- What to do
Repeat the lines of the data exactly and exclude any picture among them.

- Input data
-------------------------

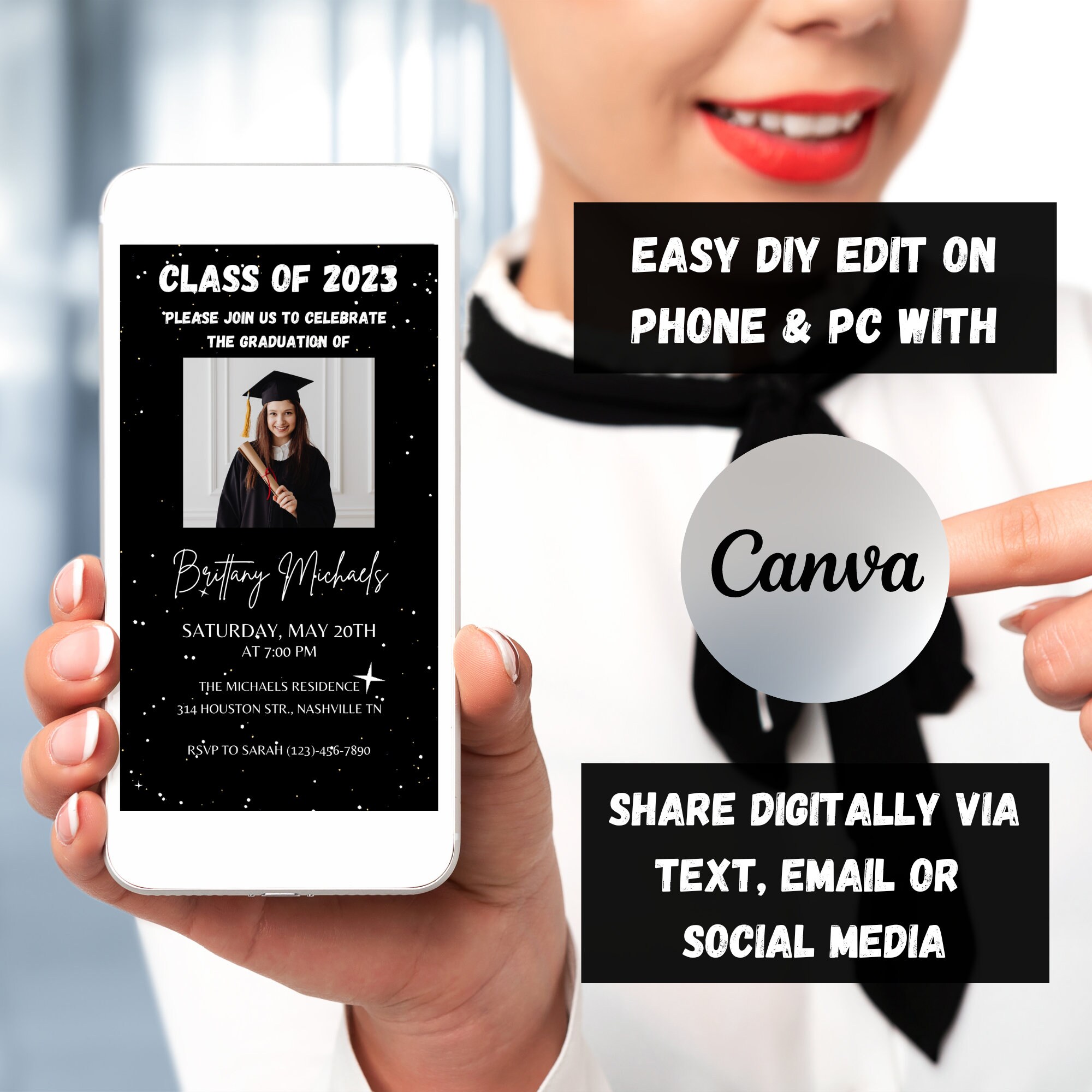 Editable Graduation Invitation, Graduate, Class 2023, Graduation ...
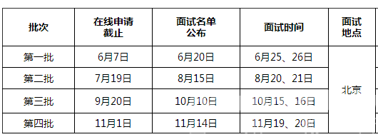②填写和上传申请材料。网上提交的申请材料包括:申请书、成绩单、个人简历、单位组织结构图、推荐信(非必需)。申请材料的具体内容和要求见系统内说明。考生提交申请材料时需要选择申请面试批次,并在所选批次申请材料提交截止日期前提交。各批次的申请截止时间和面试时间见下页"面试批次"表。
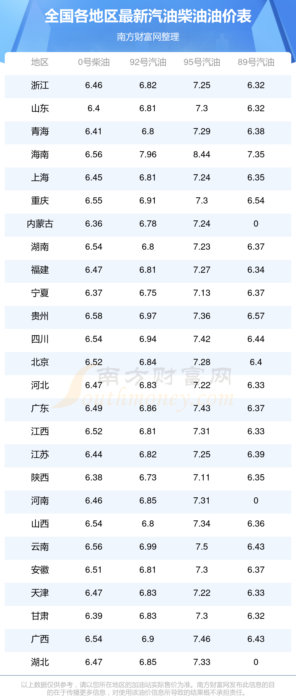 89號(hào)汽油平均價(jià)格:6元每升,其中,最高為海南,價(jià)格為7.35元/升,最低為浙江,價(jià)格為6.32元/升。,下一輪油價(jià)調(diào)整時(shí)間11月10日24時(shí),距離現(xiàn)在還有2.69天。

-------------------------

- Written response
 Editable Graduation Invitation, Graduate, Class 2023, Graduation ...
②填写和上传申请材料。网上提交的申请材料包括:申请书、成绩单、个人简历、单位组织结构图、推荐信(非必需)。申请材料的具体内容和要求见系统内说明。考生提交申请材料时需要选择申请面试批次,并在所选批次申请材料提交截止日期前提交。各批次的申请截止时间和面试时间见下页"面试批次"表。
 89號(hào)汽油平均價(jià)格:6元每升,其中,最高為海南,價(jià)格為7.35元/升,最低為浙江,價(jià)格為6.32元/升。,下一輪油價(jià)調(diào)整時(shí)間11月10日24時(shí),距離現(xiàn)在還有2.69天。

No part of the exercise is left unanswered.